Source data
##########
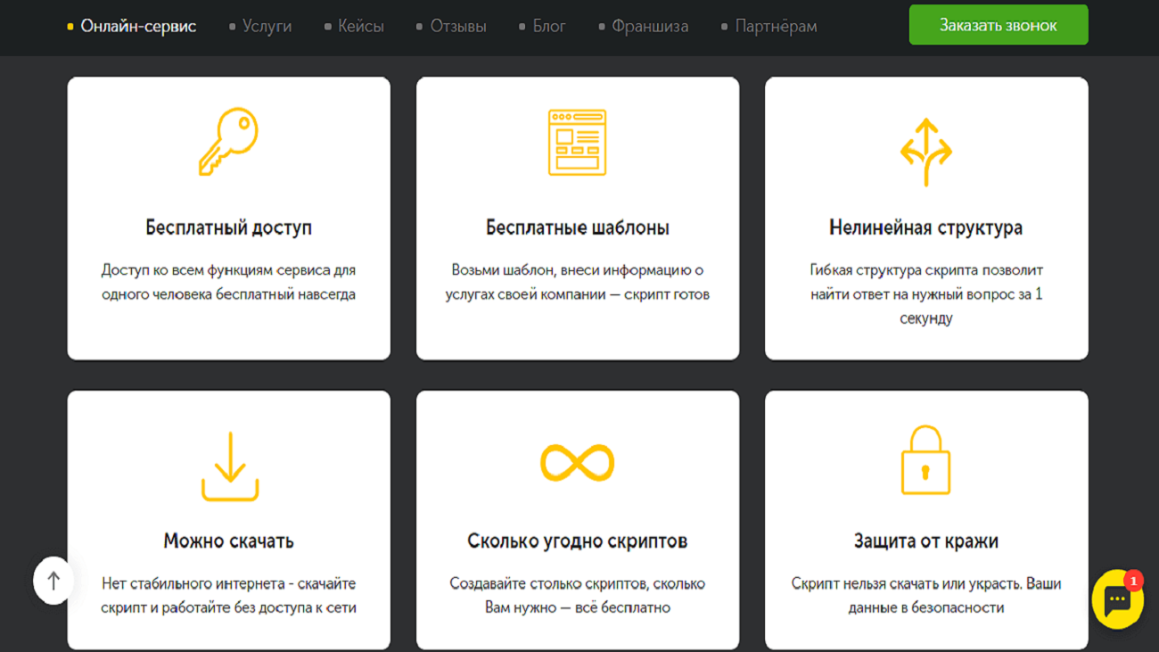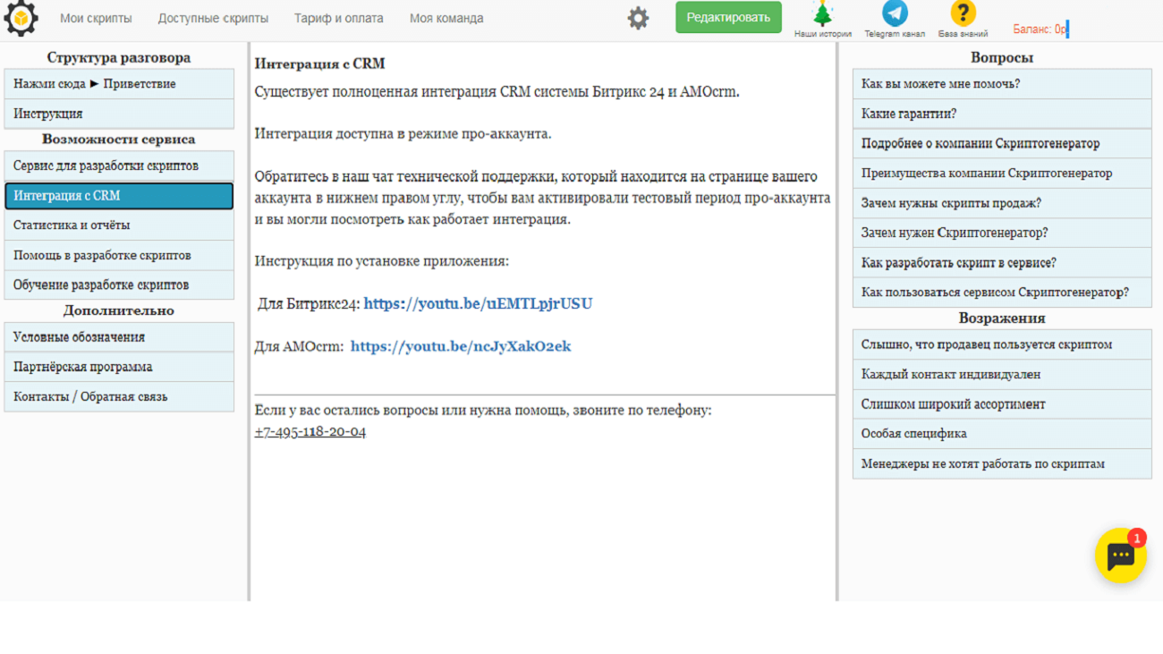 Доступ в личный кабинет клиент получает после быстрой регистрации. Интерфейс разработан максимально просто и доступно. Пользователь на главной странице видит вкладки со своими уникальными скриптами, доступными шаблонами, тарифами и списком сотрудников.
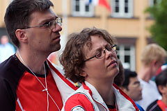 Nakon sprinta uslijedilo je otvaranje prvenstva uz nesto svirke i zgodan igrokaz sa dosta lokalnog folklora. Tu smo se prvi puta našli s našom ekipom koja je došla na Svjetsko prvenstvo u orijentacijskom trčanju, ali ne sa svima, već samo s curama jer je Matjaž morao preskočiti otvaranje da bi se na vrijeme pojavio na sastanku voditelja timova koji je bio u hotelu na periferiji grada, 7 km od centra. Tu smo odmah skužili i da se ne bumo baš puno međusobno družili jer su nam rasporedi bili u koliziji.
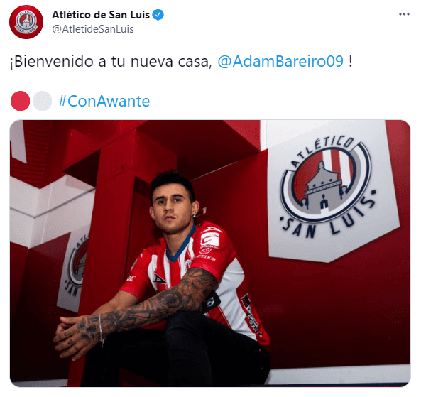 A través de su cuenta oficial de Twitter, el club rojiblanco anunció la incorporación deAdam Bareiro de cara a la próxima temporada, luego de que ambas instituciones llegaran a un acuerdo de préstamo por un año.“¡De Europa al Coloso de Valle Dorado! ¡Bienvenido a la familia Potosina!”, escribieron junto a un video de bienvenida.
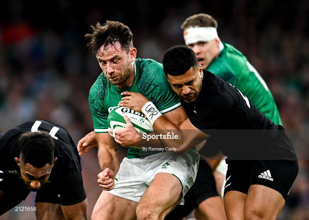 13 November 2021; Hugo Keenan of Ireland is tackled by Richie Mo'unga of New Zealand during the Autumn Nations Series match between Ireland and New Zealand at Aviva Stadium in Dublin. Photo by Ramsey Cardy/Sportsfile
##########
Task details
Only the text of the listing should be returned, exactly and in full; no image goes into the copy.

Result of the task
 Доступ в личный кабинет клиент получает после быстрой регистрации. Интерфейс разработан максимально просто и доступно. Пользователь на главной странице видит вкладки со своими уникальными скриптами, доступными шаблонами, тарифами и списком сотрудников.
 Nakon sprinta uslijedilo je otvaranje prvenstva uz nesto svirke i zgodan igrokaz sa dosta lokalnog folklora. Tu smo se prvi puta našli s našom ekipom koja je došla na Svjetsko prvenstvo u orijentacijskom trčanju, ali ne sa svima, već samo s curama jer je Matjaž morao preskočiti otvaranje da bi se na vrijeme pojavio na sastanku voditelja timova koji je bio u hotelu na periferiji grada, 7 km od centra. Tu smo odmah skužili i da se ne bumo baš puno međusobno družili jer su nam rasporedi bili u koliziji.
 A través de su cuenta oficial de Twitter, el club rojiblanco anunció la incorporación deAdam Bareiro de cara a la próxima temporada, luego de que ambas instituciones llegaran a un acuerdo de préstamo por un año.“¡De Europa al Coloso de Valle Dorado! ¡Bienvenido a la familia Potosina!”, escribieron junto a un video de bienvenida.
 13 November 2021; Hugo Keenan of Ireland is tackled by Richie Mo'unga of New Zealand during the Autumn Nations Series match between Ireland and New Zealand at Aviva Stadium in Dublin. Photo by Ramsey Cardy/Sportsfile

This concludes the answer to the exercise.